How libvpx Compresses Motion Vectors
Video compression relies heavily on temporal redundancy to reduce file sizes, and motion vectors are essential for tracking moving objects across frames. However, transmitting the raw coordinates of these vectors requires a significant amount of bandwidth. In the libvpx library—which houses the VP8 and VP9 video codecs—motion vector compression is achieved through predictive coding, context-adaptive entropy coding, and sub-pixel interpolation. This article explains the key mechanisms libvpx uses to compress motion vectors and minimize data transmission.
Motion Vector Prediction (Delta Coding)
Because objects in a video frame usually move together, neighboring blocks of pixels tend to have highly correlated motion. libvpx exploits this spatial correlation through motion vector prediction.

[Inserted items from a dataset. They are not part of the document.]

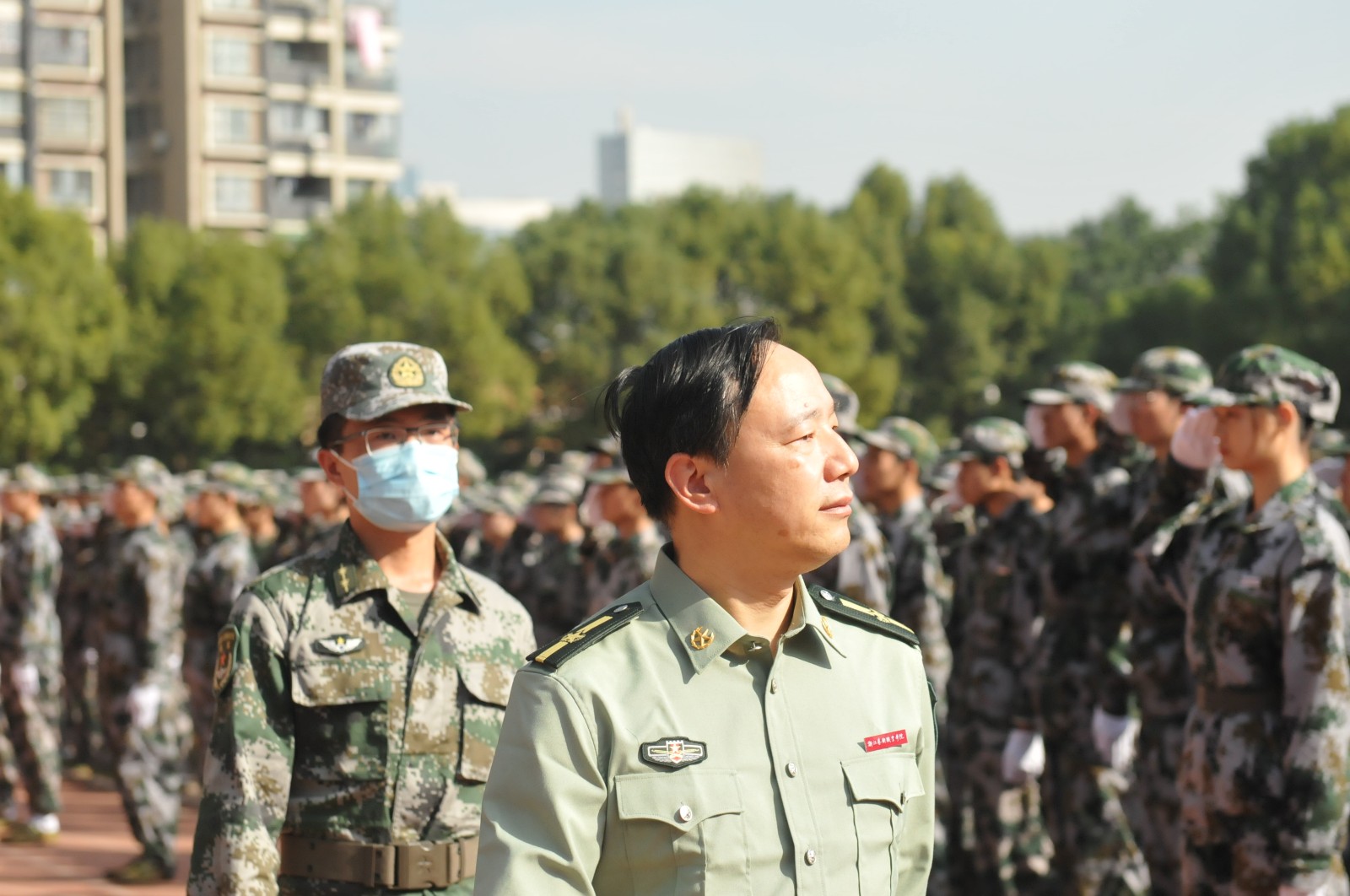 党委副书记夏开堂对新生进行检阅。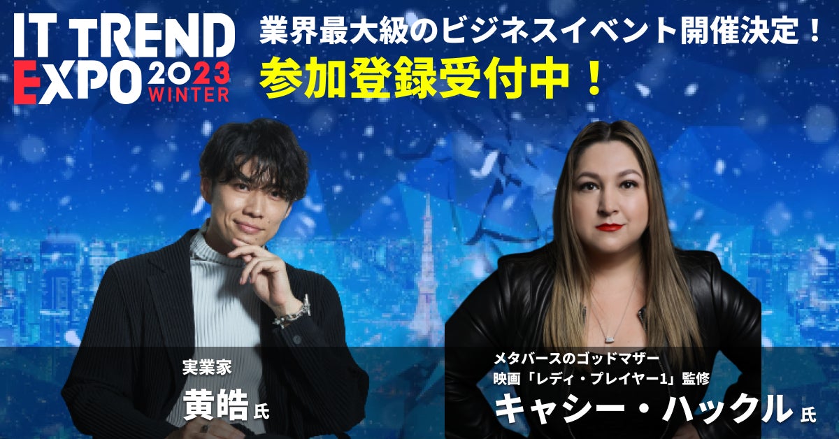 株式会社イノベーション(東証グロース 証券コード3970)のグループ会社である、株式会社Innovation & Co.(本社:東京都渋谷区、代表取締役社長:齊藤和馬、以下「Innovation & Co.」)は、第7回目の開催となる業界最大級のオンライン展示会「ITトレンドEXPO2023 Winter」を、2023年2月7日(火)〜 2月10日(金)に開催。併せて、豪華特別ゲストの登壇が決定しましたことをお知らせします。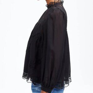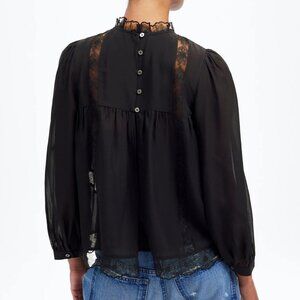 features a romantic ruffled neckline and delicate lace insets throughout. Perfectly flowy and effortlessly chic.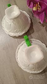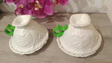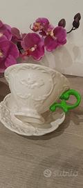 Set da tè per 2 persone I-WARES I-TEA by Seletti, composto da 2 tazze da tè + due piattini (no cucchiaini) di ispirazione barocca. In fine porcellana opaca con finitura bianco mat e manici verdi fluorescenti.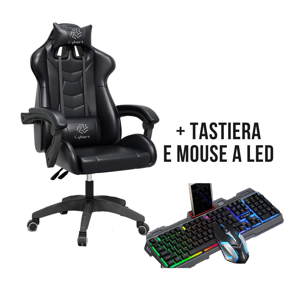Sedia da Gaming / Ufficio RECLINABILE ERGONOMICA IN ECOPELLE CON TASTIERA E MOUSE A LED INCLUSO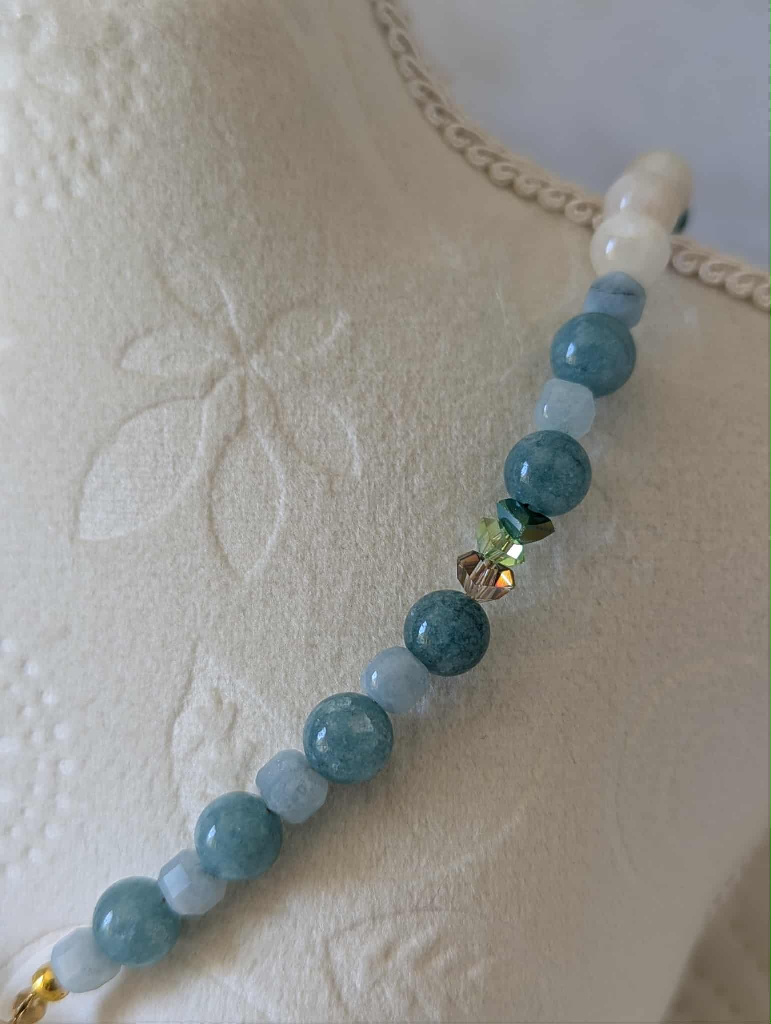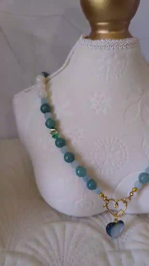 Natural Aquamarine & Moonstone Necklace with Glass Blue Heart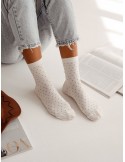 Stylish ribbed women's socks featuring a delicate dot pattern, offered in multiple color options. Designed with versatility in mind, they perfectly complement any outfit—whether you want to follow current trends or set your own. Made from premium quality cotton, these socks ensure exceptional comfort and unrestricted movement all day long.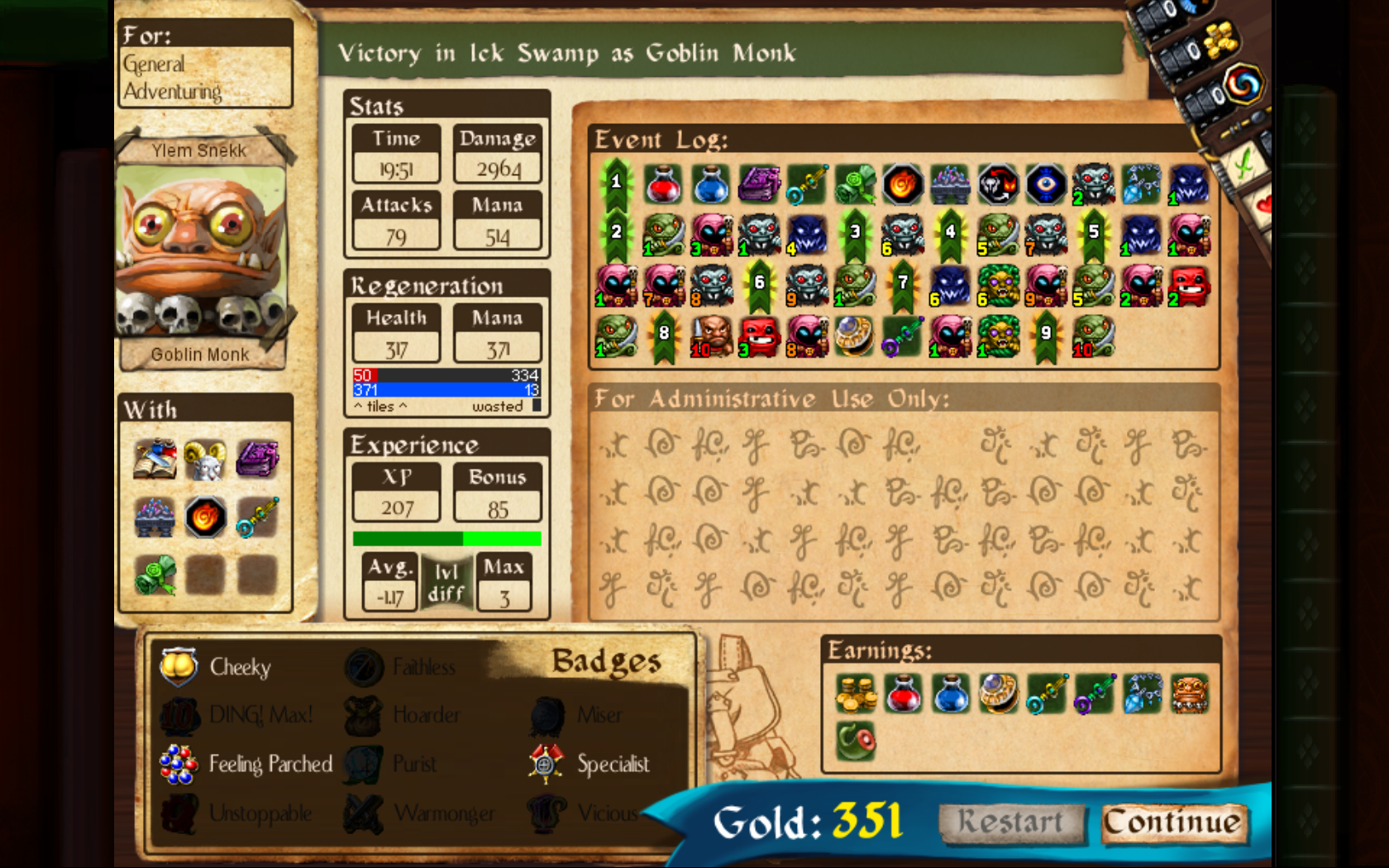Ну и адская победа горгоной в злоебучем болоте, полном мерзких растений, над весьма сильными боссами, да ещё и с маджик резистом - а я не вижу другого способа закрывать данжи монахом/пристом/горгоной, кроме как мистера+аватар кодекс - эта фиолетовая книжица из демонической библиотеки, прибавляет 4 дамага файрболу на левел, максит бёрнинг стак, но все отвечают на файрбол.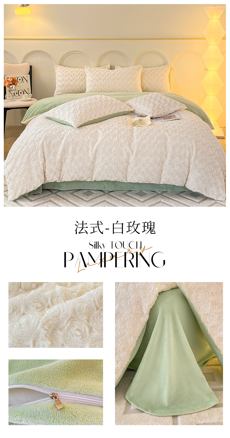 商品名称:蓝米卡夫 2024秋冬A类獭兔毛400克加厚法式玫瑰绒 法式-白玫瑰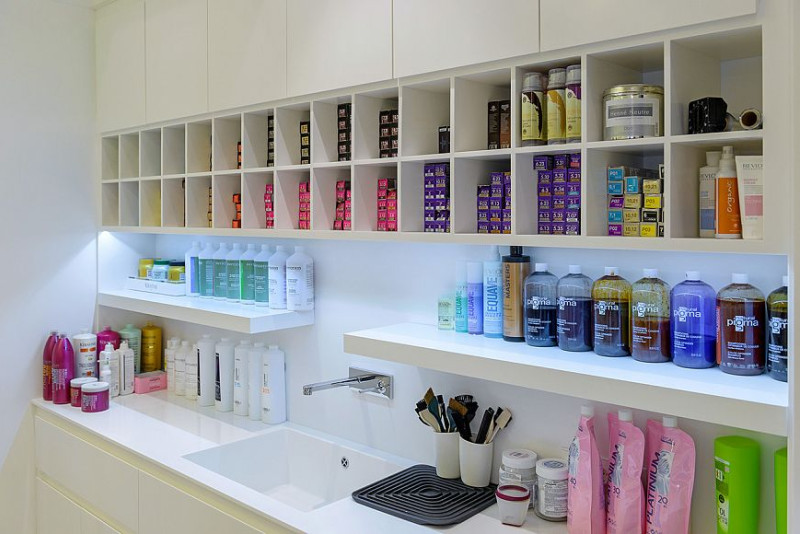 Шкафы-лаборатории экономят пространство в маленьком помещении. Фены, краски, косметика, расчески, другие мелочи требуют места для хранения. В небольших парикмахерских их часто некуда складывать. Подобные конструкции позволяют оптимально использовать площадь, так как вмещают множество необходимых инструментов.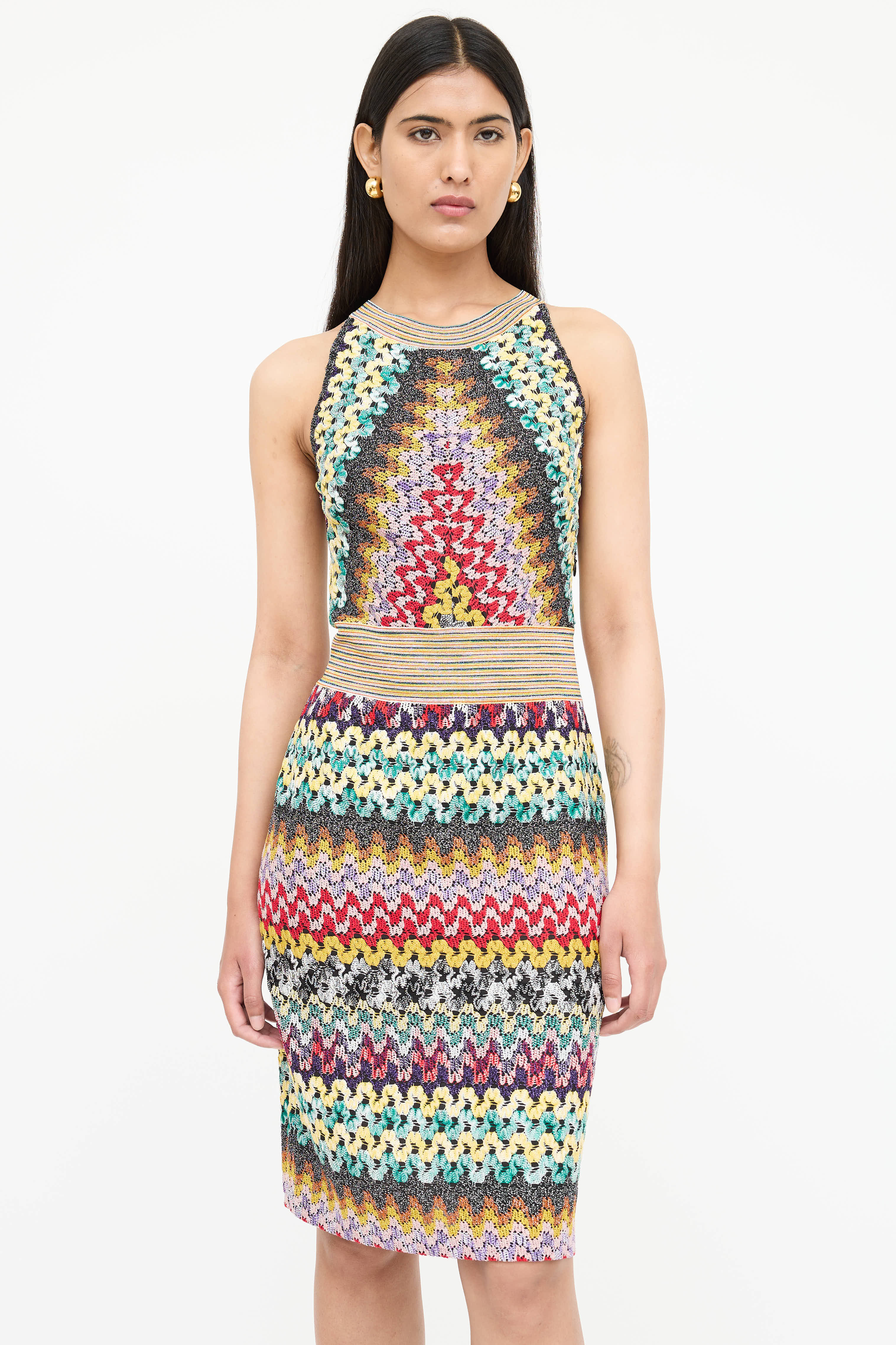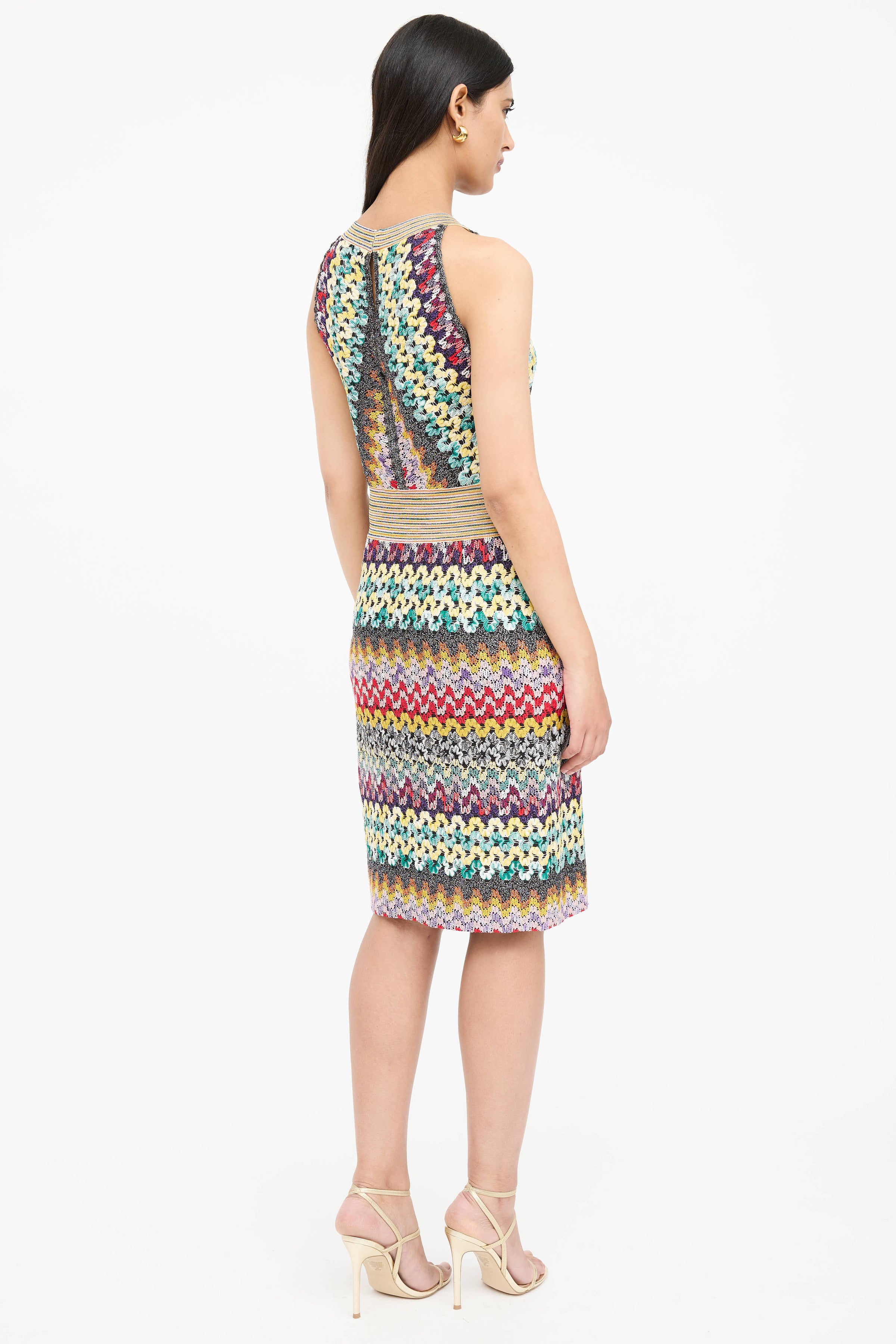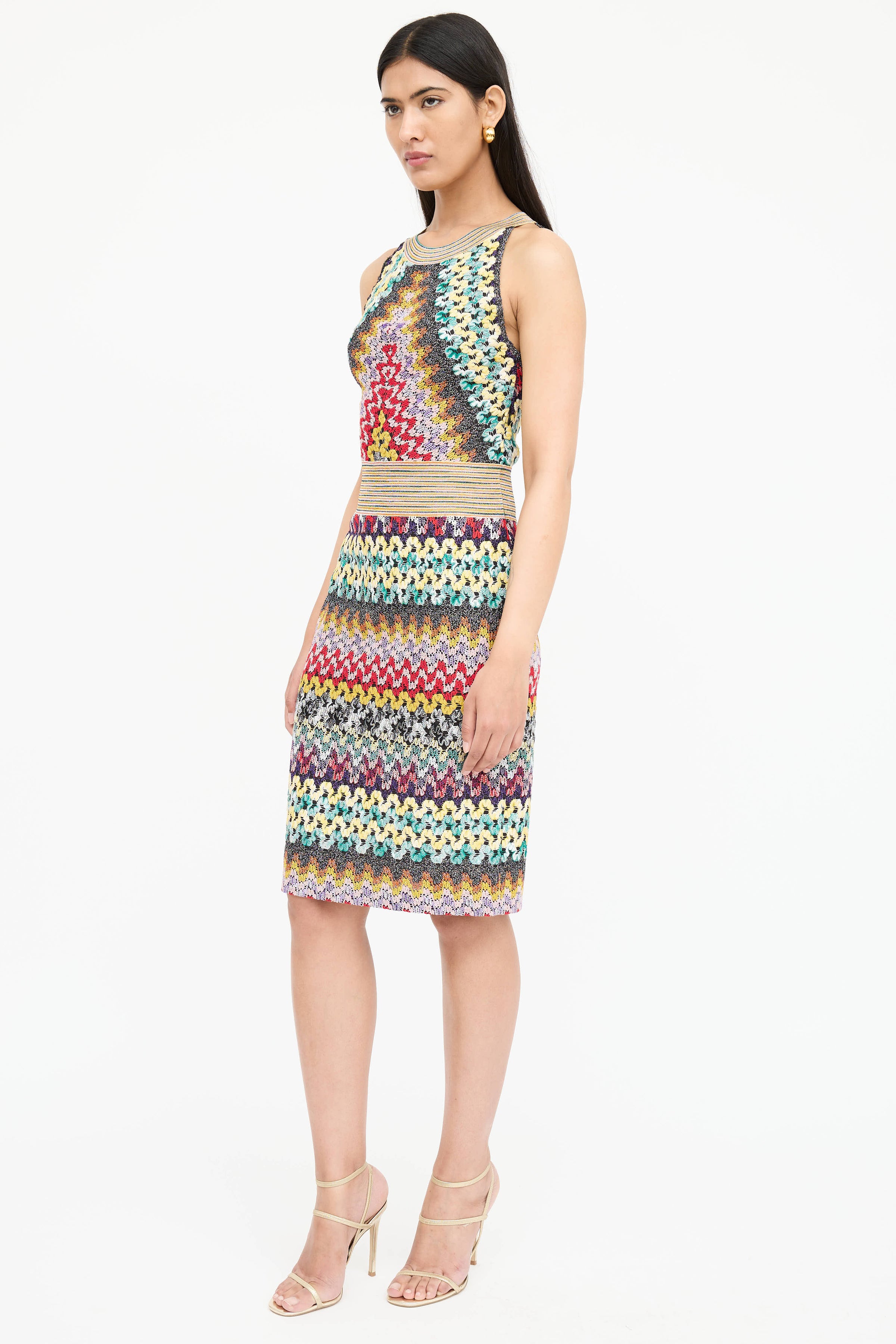 Pre-owned Missoni yellow knit dress featuring a multicolour weave throughout, round neckline, ribbed waist, and zip closure at side. Lined.

Instead of encoding the absolute coordinates of a motion vector, the encoder predicts the motion vector of the current block using the vectors of adjacent blocks (typically to the left, above, and diagonally). It then calculates the difference, known as the “motion vector residual” or “delta.” Because the prediction is usually highly accurate, the residual is often zero or a very small number, which requires significantly fewer bits to encode than the full coordinate.
Advanced Reference Selection and VP9 Candidates
In VP9 (the more advanced codec in libvpx), motion vector prediction is further refined. The encoder maintains a list of “candidate” motion vectors from both spatial neighbors and temporally co-located blocks in previously decoded frames.
VP9 categorizes these candidates as “Near” and “Nearest” matches: * Nearest Neighbor: The most likely motion vector based on immediate spatial neighbors. * Near Neighbor: The second most likely motion vector.
If the current block’s motion matches one of these candidates exactly, libvpx simply sends a tiny index code (a few bits) pointing to the candidate list, bypassing the need to transmit any coordinate residuals at all.
Entropy Coding of Residuals
Once the motion vector residuals are calculated, they are compressed using a boolean entropy coder. This mathematical encoder assigns shorter binary codes to values that occur frequently and longer codes to rare values.
Since the delta values are heavily clustered around zero, libvpx uses custom-tailored probability models to encode them. The library dynamically updates these probabilities based on the statistical distribution of motion vectors in the current frame, ensuring the entropy coder operates at maximum efficiency.
Fractional Pixel Precision and Sub-Pel Filters
libvpx supports sub-pixel (fractional) motion estimation, allowing for quarter-pixel precision. While higher precision improves video quality, it increases the range of potential motion vector values, which can inflate the bitrate.
To counteract this, libvpx compresses sub-pixel offsets by signaling the interpolation filter type (such as Eight-tap, Bilinear, or Smooth) at the frame level or block level. By dynamically selecting the optimal filter and signaling it efficiently, libvpx avoids wasting bandwidth on highly precise but redundant motion vector coordinates when simpler pixel alignments will suffice.